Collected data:
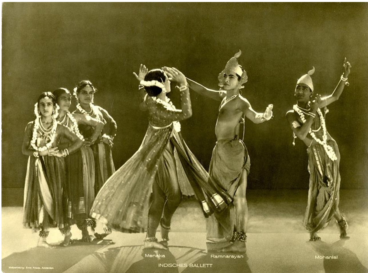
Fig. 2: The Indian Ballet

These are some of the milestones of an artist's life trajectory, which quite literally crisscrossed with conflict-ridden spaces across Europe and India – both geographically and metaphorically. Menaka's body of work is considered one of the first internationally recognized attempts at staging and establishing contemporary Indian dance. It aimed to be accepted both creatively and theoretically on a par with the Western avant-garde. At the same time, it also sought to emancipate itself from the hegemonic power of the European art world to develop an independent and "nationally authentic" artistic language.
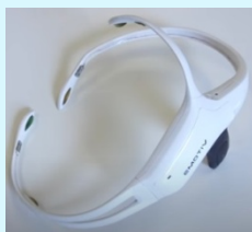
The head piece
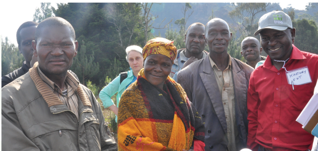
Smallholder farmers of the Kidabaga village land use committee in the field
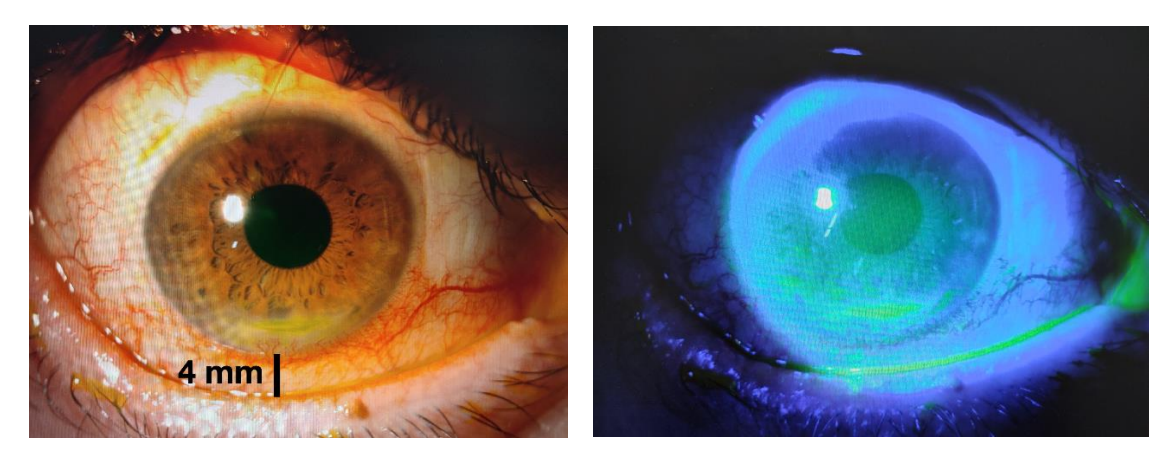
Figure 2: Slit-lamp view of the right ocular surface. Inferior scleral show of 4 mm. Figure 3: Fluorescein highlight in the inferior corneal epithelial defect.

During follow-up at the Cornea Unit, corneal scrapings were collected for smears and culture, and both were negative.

--

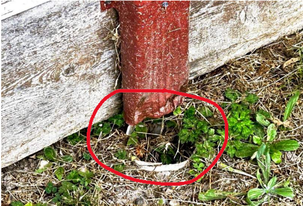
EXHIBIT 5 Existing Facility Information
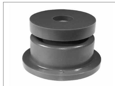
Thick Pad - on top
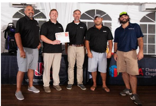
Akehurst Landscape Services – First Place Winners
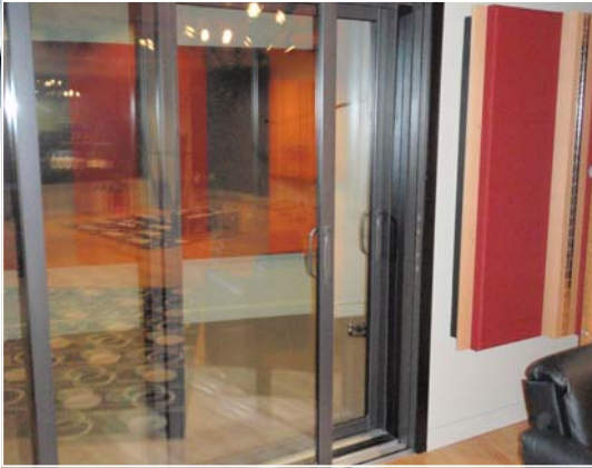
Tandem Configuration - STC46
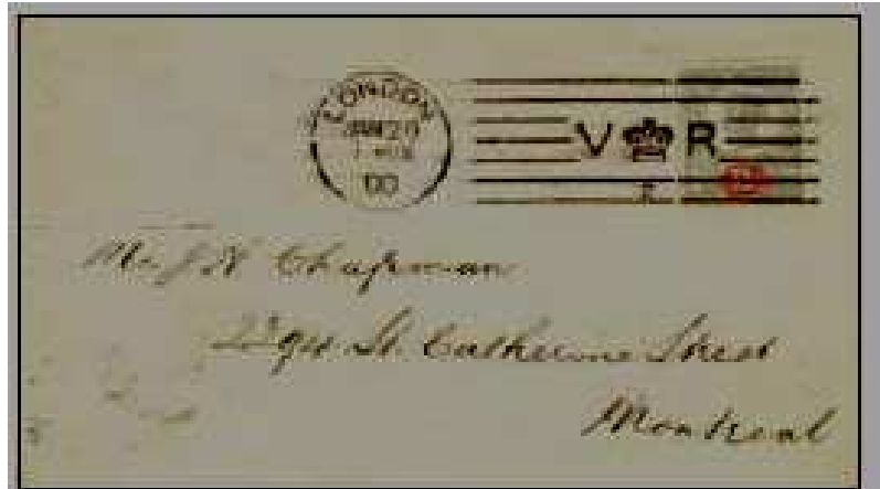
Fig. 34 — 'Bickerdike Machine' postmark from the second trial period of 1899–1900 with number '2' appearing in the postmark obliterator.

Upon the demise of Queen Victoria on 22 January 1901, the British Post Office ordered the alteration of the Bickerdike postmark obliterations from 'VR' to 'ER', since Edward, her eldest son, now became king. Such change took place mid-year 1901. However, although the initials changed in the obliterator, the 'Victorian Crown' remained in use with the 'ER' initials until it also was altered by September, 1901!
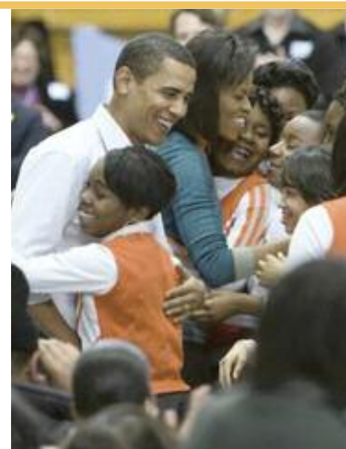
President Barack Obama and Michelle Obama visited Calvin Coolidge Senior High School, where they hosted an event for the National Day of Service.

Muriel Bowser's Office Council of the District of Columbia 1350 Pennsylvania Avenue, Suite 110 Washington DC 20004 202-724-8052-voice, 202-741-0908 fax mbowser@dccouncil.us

...

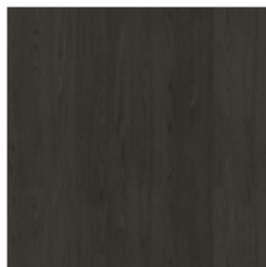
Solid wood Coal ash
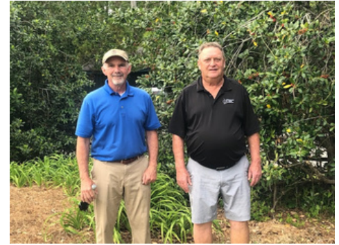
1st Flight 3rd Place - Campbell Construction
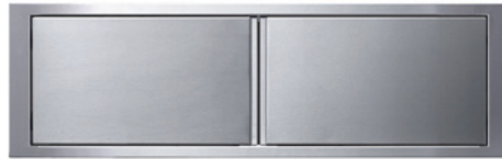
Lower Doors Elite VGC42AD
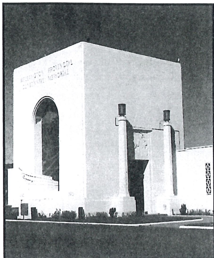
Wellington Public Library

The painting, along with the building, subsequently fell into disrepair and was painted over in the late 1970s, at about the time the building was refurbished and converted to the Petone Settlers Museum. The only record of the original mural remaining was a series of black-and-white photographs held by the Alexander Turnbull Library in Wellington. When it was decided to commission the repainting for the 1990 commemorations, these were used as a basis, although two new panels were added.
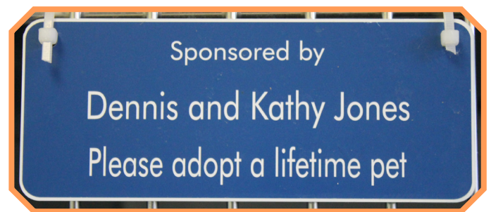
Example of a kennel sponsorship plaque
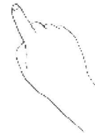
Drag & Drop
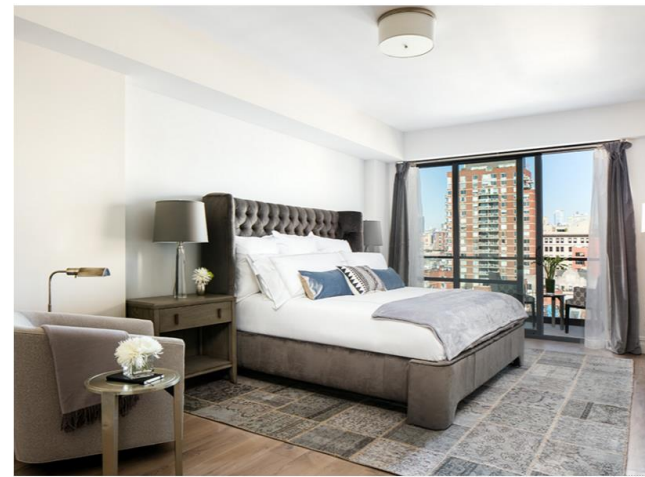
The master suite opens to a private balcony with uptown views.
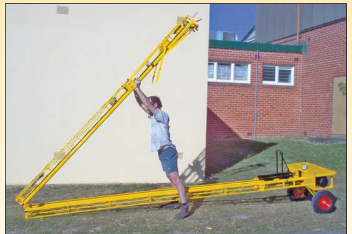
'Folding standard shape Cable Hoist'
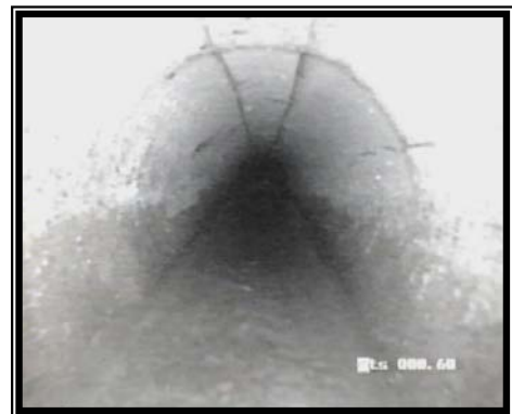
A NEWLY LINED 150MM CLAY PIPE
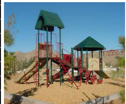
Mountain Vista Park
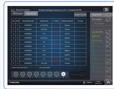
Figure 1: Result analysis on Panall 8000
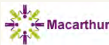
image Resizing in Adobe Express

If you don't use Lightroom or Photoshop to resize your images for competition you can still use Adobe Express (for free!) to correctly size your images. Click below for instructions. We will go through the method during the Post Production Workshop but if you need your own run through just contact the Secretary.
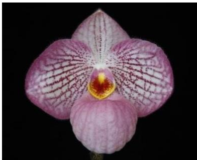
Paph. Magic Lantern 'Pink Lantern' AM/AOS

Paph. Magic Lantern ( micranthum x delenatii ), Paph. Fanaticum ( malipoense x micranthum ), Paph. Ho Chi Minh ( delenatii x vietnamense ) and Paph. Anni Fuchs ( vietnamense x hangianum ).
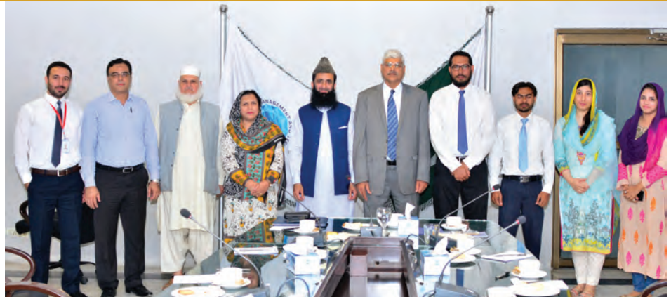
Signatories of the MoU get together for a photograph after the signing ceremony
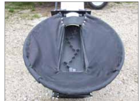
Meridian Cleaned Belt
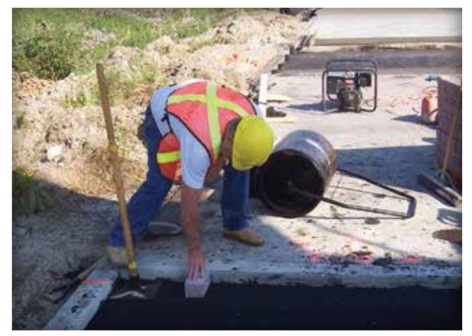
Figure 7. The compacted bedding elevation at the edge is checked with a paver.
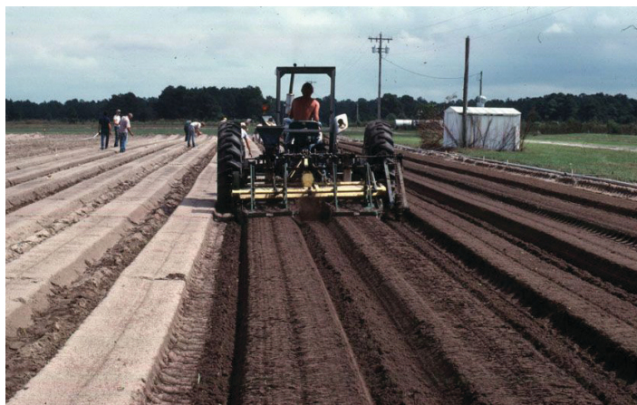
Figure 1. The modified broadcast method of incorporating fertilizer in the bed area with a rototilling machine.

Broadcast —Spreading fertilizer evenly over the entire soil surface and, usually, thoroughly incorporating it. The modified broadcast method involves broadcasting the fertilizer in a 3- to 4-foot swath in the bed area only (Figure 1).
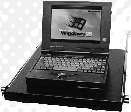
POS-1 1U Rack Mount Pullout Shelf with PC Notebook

__TASK INSTRUCTIONS__
Find the lines above holding the word "corneal" and show them.

__RESULT BELOW__
Figure 2: Slit-lamp view of the right ocular surface. Inferior scleral show of 4 mm. Figure 3: Fluorescein highlight in the inferior corneal epithelial defect.
During follow-up at the Cornea Unit, corneal scrapings were collected for smears and culture, and both were negative.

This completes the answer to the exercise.